See the Markdown Chunking guide for complete documentation.

Text Normalization

from dataknobs_xization import normalize

# Basic normalization
text = "CamelCaseText with SYMBOLS!"
normalized = normalize.basic_normalization_fn(
    text,
    lowercase=True,
    expand_camelcase=True,
    drop_non_embedded_symbols=True
)
print(normalized)  # "camel case text with symbols"

# Get lexical variations
variations = normalize.get_lexical_variations(
    "XML-HTTP-Request",
    expand_camelcase=True,
    do_hyphen_expansion=True,
    do_hyphen_split=True
)
print(variations)  # {"XML-HTTP-Request", "XML HTTP Request", "XML", "HTTP", "Request", ...}

Character-Based Tokenization

from dataknobs_xization import TextFeatures
from dataknobs_structures import Text, TextMetaData

# Create document
metadata = TextMetaData(text_id=1, text_label="sample")
doc = Text("Hello CamelCase123 world!", metadata)

# Extract features
features = TextFeatures(
    doc,
    split_camelcase=True,
    mark_alpha=True,
    mark_digit=True
)

# Get tokens
tokens = features.get_tokens()
for token in tokens:
    print(f"Token: '{token.token_text}' at position {token.token_pos}")

Masking and Features

from dataknobs_xization import CharacterFeatures, TextFeatures

# Create text features with masking
text = "Hello123World"
features = TextFeatures(
    text,
    split_camelcase=True,
    mark_upper=True,
    mark_lower=True,
    mark_digit=True
)

# Access character dataframe
cdf = features.cdf
print(cdf.head())  # Shows character-level features

# Tokenize with normalization
def normalize_token(token_text):
    return token_text.lower()

tokens = features.get_tokens(normalize_fn=normalize_token)
for token in tokens:
    print(f"Original: '{token.token_text}', Normalized: '{token.norm_text}'")

Core Classes

TextFeatures

Character-level feature extraction with tokenization support.

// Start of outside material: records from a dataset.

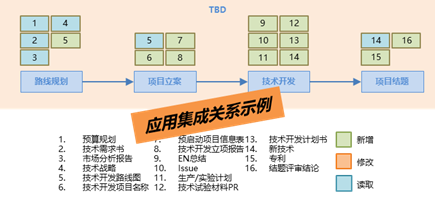 站在纯粹应用的视角,可以将信息链中各业务活动涉及的应用系统进行关联,描绘各应用之间的数据集成关系。对于应用集成关系来说,其目的是要构建有关业务场景完整的应用集成视图,发现应用集成的相关问题,包括但不限于不必要或不合理的应用集成、待构建的应用集成、未坚持数据同源原则的应用集成等。以下是应用集成关系视图的示例,其中对每个应用中对相关数据的操作按照CRU进行了区分识别。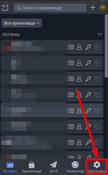 - Для импорта паролей нужно открыть расширение и нажать "Настройки":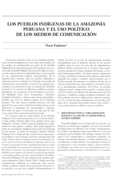 nica y en la creación de sus organizaciones políticas representativas; el tipo de vinculación de los pueblos Ashaninka y Aguaruna, el estado y la televisión sobre todo en la redefinición del concepto de identidad nacional en el contexto de diferentes conflictos armados, y finalmente, se presenta el uso de Internet por el pueblo Ashaninka. El objetivo principal del articulo es mostrar como el empleo de los medios de comunicación permite a las comunidades indígenas hacerse más visibles y actuar políticamente en distintos espacios públicos." (Resumen)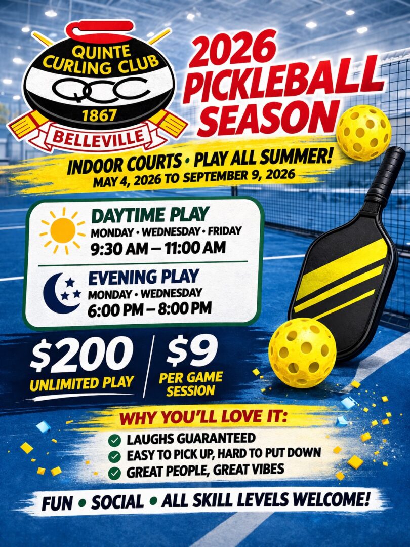 “The Quinte Curling Club is excited to welcome players back for the 2026 Pickleball Season, running May 4 to September 9 on our indoor courts. This fun, social, and fast‑growing sport is perfect for all ages and skill levels, offering a great way to stay active throughout the summer. Players can choose from daytime sessions on Monday, Wednesday, and Friday from 9:30–11:00 AM, or evening sessions on Monday and Wednesday from 6:00–8:00 PM. The season is flexible and affordable, with the option to pay $9 per session or enjoy unlimited play for $200.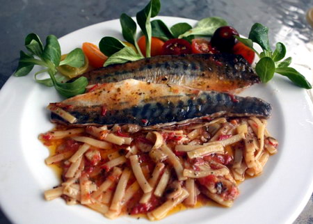 Sazonar y añadir las babetas y un minuto más tarde las caballas, para que la cocción no sea larga y el pescado no se pase.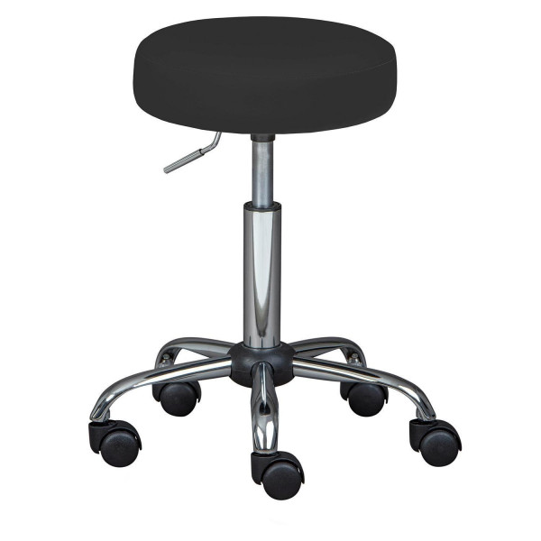 Der Drehhocker ARNO ist mit einem schwarzen Kunstlederbezug ausgestattet und verfügt über ein Gestell aus Metall in Chromfarben. Die Sitzhöhe kann mithilfe eines Gaslifts stufenlos von 52 cm bis 66 cm verstellt werden. Der Hocker ist mit fünf gebremsten Sicherheitsrollen versehen, die für einen sicheren Stand und flexible Beweglichkeit sorgen. Der Sitz hat einen Durchmesser von 35 cm und die Gesamthöhe beträgt 52 cm.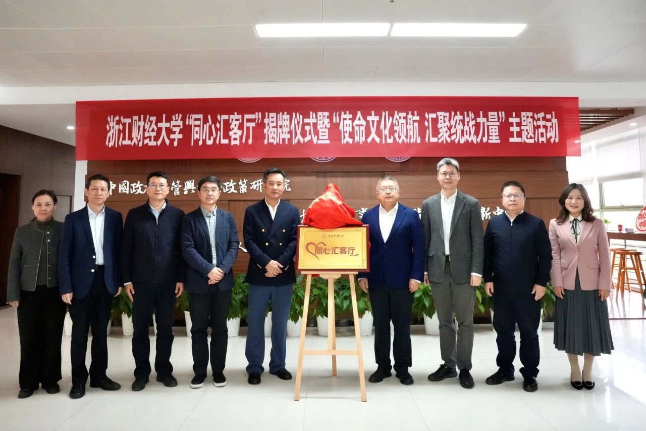 本网讯 为深入学习贯彻党的二十届四中全会精神,凝心聚力推动学校高质量发展,11月11日,浙江财经大学“同心汇客厅”揭牌仪式暨“使命文化领航 汇聚统战力量”主题活动举行。各民主党派、统战团体和职能部门代表齐聚一堂,共话使命文化,共绘发展蓝图。校党委副书记、统战部部长程爽出席活动。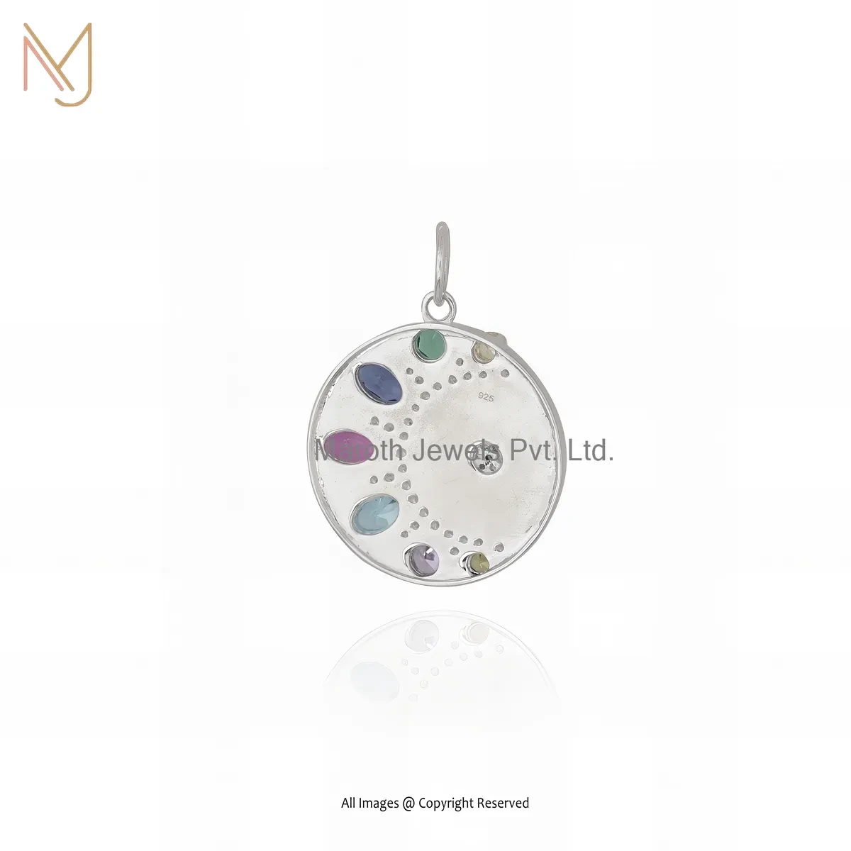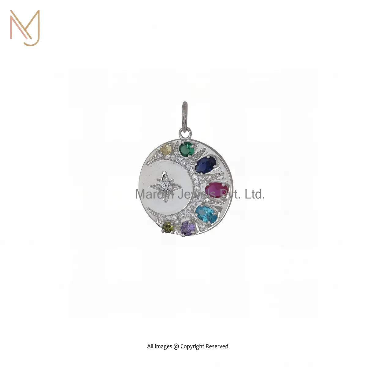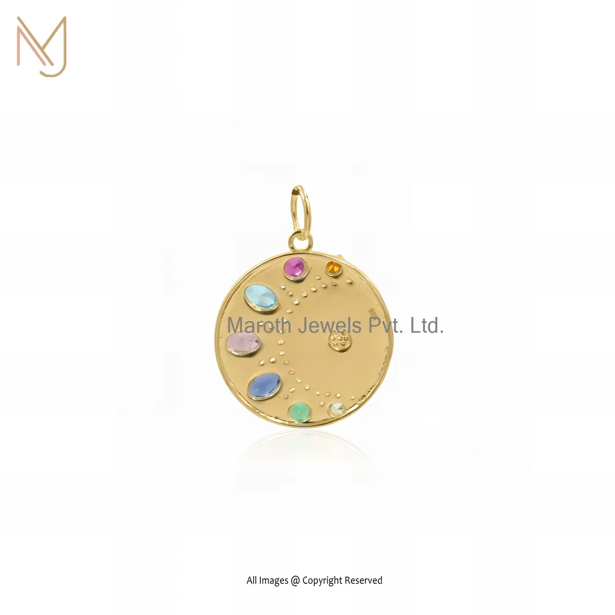 925 Silver Yellow Gold Plated Multi Cubic Zircon Disc Pendant Manufacturer

from dataknobs_xization import TextFeatures

features = TextFeatures(
    doctext="ProcessHTMLData",
    split_camelcase=True,    # Split on camelCase boundaries
    mark_alpha=True,         # Mark alphabetic characters
    mark_digit=True,         # Mark numeric characters
    mark_upper=True,         # Mark uppercase characters
    mark_lower=True          # Mark lowercase characters
)

# Get character features as DataFrame
df = features.cdf
print(df.columns)  # Shows feature columns

# Extract tokens
tokens = features.get_tokens()
print([token.token_text for token in tokens])  # ["Process", "HTML", "Data"]

CharacterFeatures (Abstract Base)

Base class for character-level text analysis.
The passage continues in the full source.